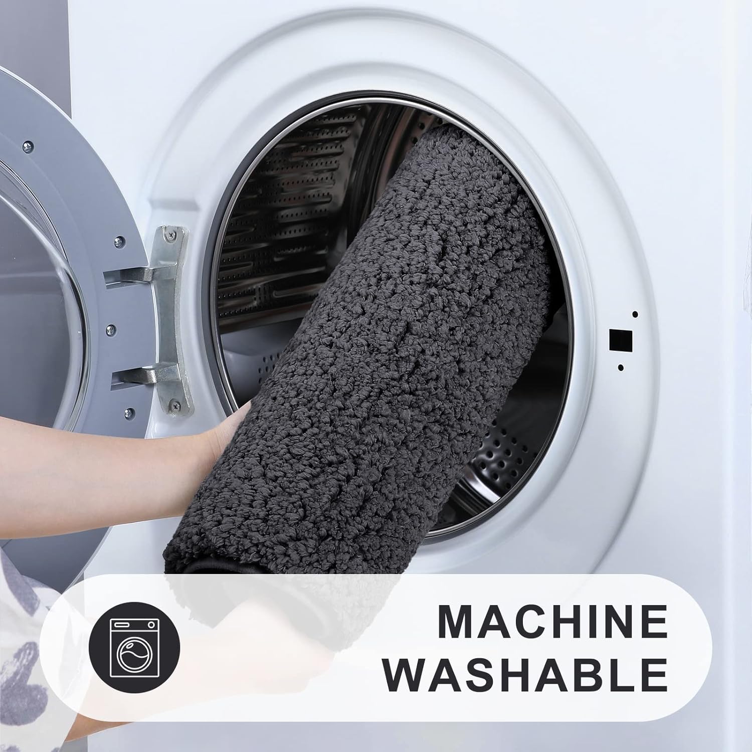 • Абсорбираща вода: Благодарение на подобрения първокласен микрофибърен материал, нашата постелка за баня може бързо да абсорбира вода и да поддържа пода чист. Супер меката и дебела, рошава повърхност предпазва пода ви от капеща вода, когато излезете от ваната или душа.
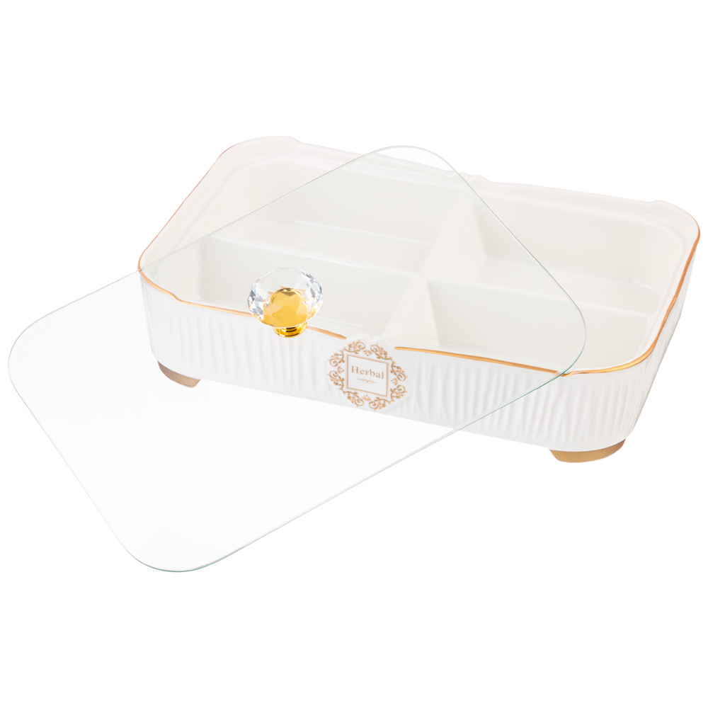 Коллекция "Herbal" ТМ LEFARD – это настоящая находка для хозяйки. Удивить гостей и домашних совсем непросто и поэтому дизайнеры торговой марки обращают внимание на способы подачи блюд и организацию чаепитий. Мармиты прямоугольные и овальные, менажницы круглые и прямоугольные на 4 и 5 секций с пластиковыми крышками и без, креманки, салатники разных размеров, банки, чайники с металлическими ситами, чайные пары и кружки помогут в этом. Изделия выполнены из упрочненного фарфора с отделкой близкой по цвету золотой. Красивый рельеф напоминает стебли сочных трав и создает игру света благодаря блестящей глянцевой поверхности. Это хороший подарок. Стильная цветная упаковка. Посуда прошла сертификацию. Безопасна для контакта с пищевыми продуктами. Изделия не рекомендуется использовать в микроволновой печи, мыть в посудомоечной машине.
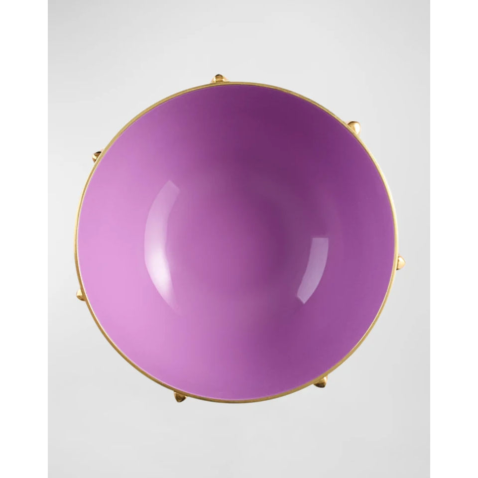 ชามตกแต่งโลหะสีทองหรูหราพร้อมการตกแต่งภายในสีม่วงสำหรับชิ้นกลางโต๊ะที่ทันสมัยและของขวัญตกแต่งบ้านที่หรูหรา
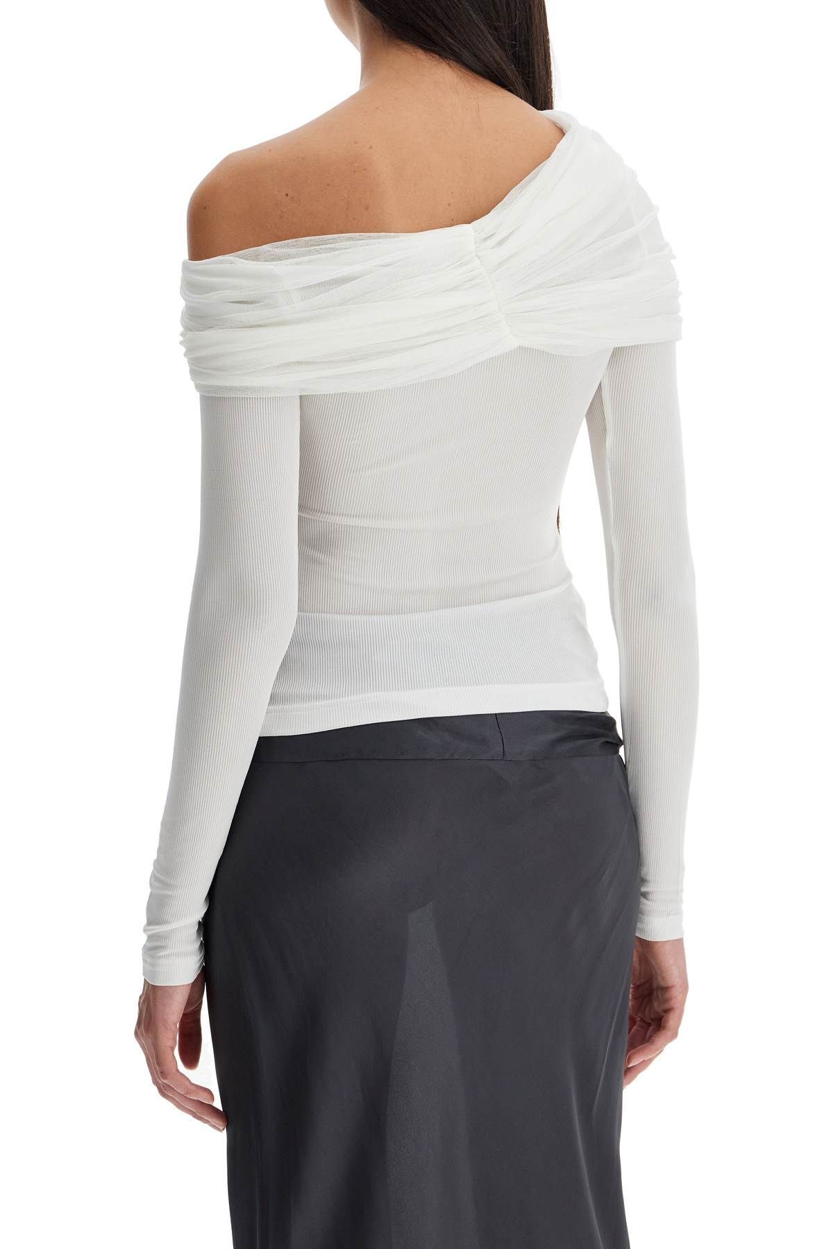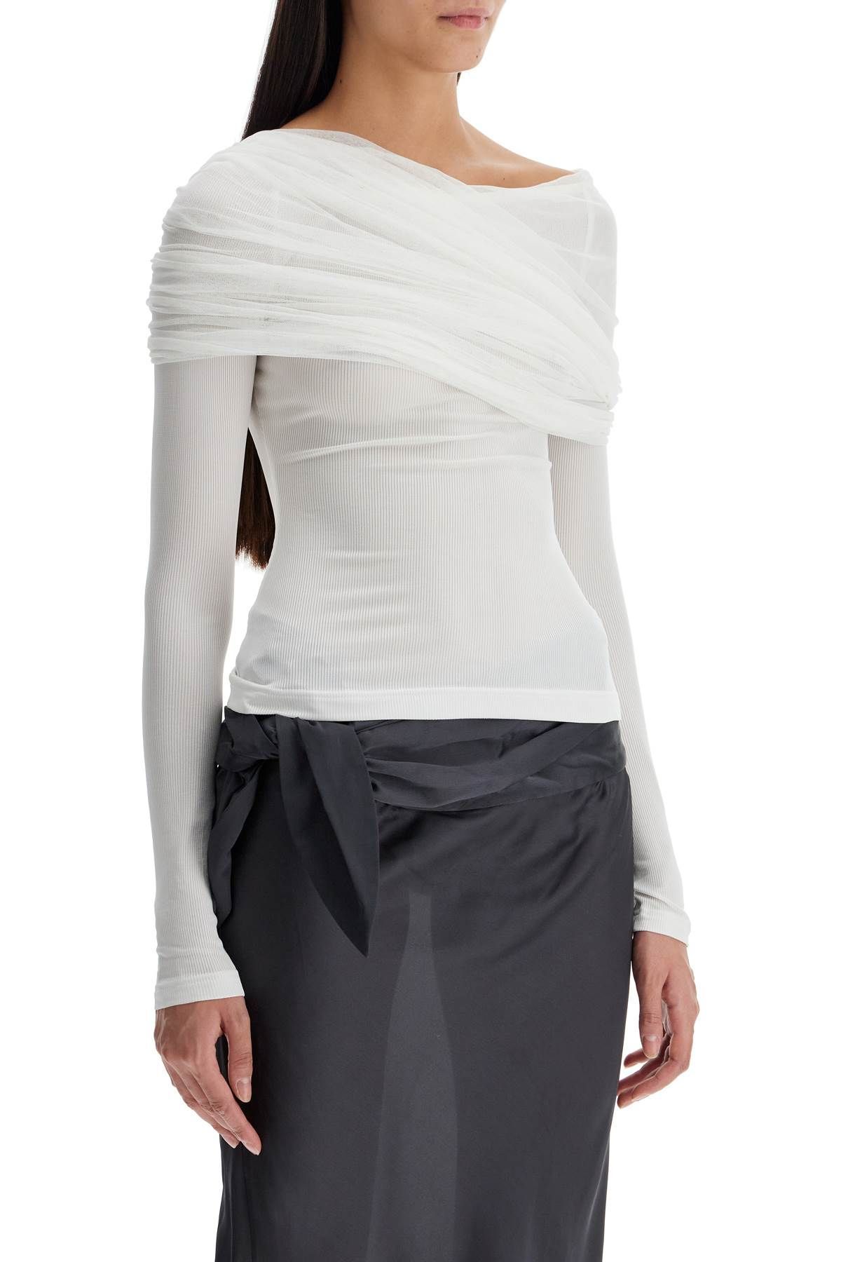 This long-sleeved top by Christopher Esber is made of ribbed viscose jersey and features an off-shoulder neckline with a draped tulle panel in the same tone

* * *

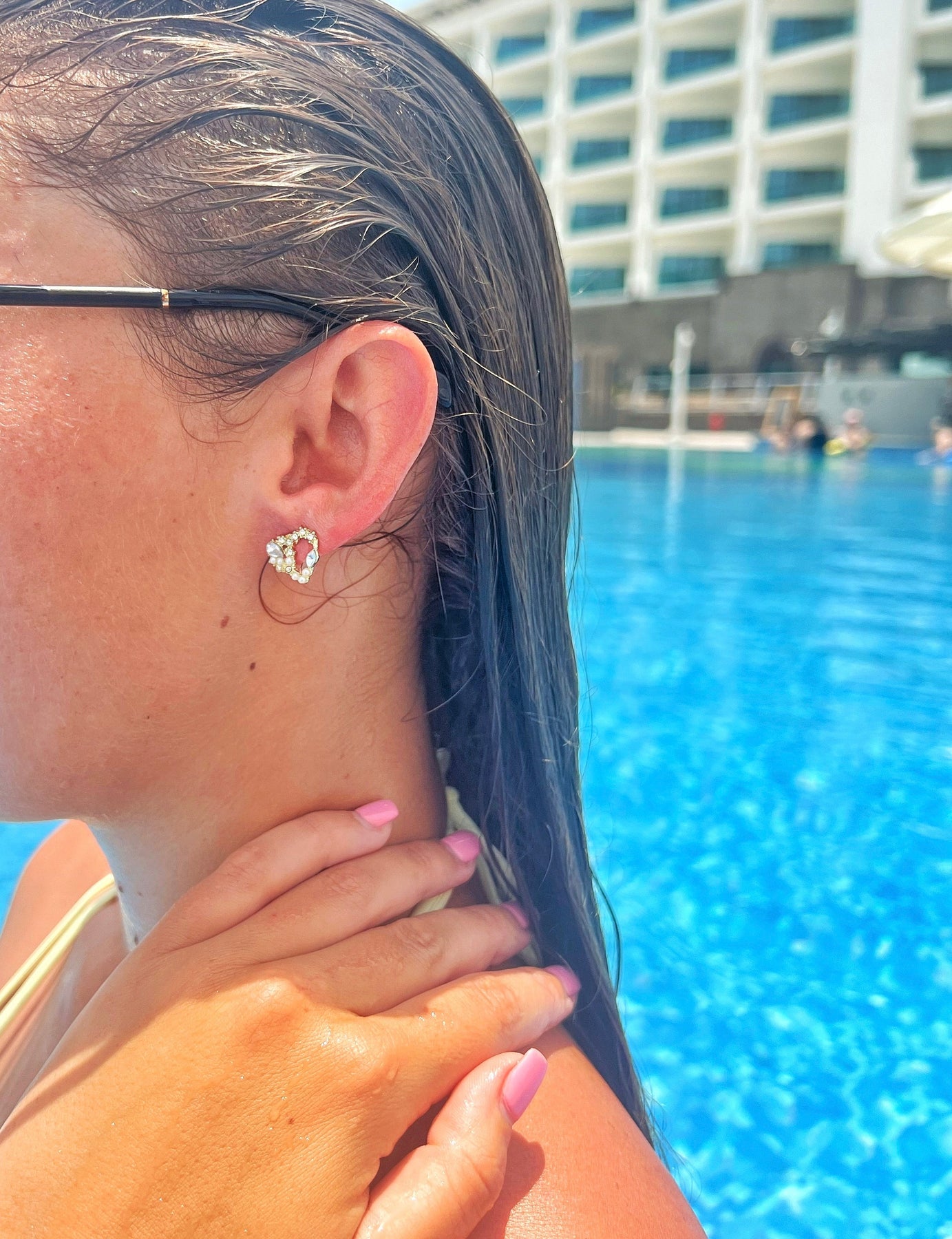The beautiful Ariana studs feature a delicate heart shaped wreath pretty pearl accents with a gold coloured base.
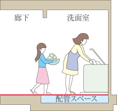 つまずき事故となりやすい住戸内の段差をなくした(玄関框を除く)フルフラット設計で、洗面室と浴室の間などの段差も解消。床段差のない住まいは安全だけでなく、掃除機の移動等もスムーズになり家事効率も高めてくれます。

ACTIVITY.
Leave the pictures out, and transcribe exactly the lines above starting at the one that contains "The beautiful Ariana" and ending at the one that contains "つまずき事故となりやすい住戸".

EXERCISE RESPONSE.
The beautiful Ariana studs feature a delicate heart shaped wreath pretty pearl accents with a gold coloured base.
 つまずき事故となりやすい住戸内の段差をなくした(玄関框を除く)フルフラット設計で、洗面室と浴室の間などの段差も解消。床段差のない住まいは安全だけでなく、掃除機の移動等もスムーズになり家事効率も高めてくれます。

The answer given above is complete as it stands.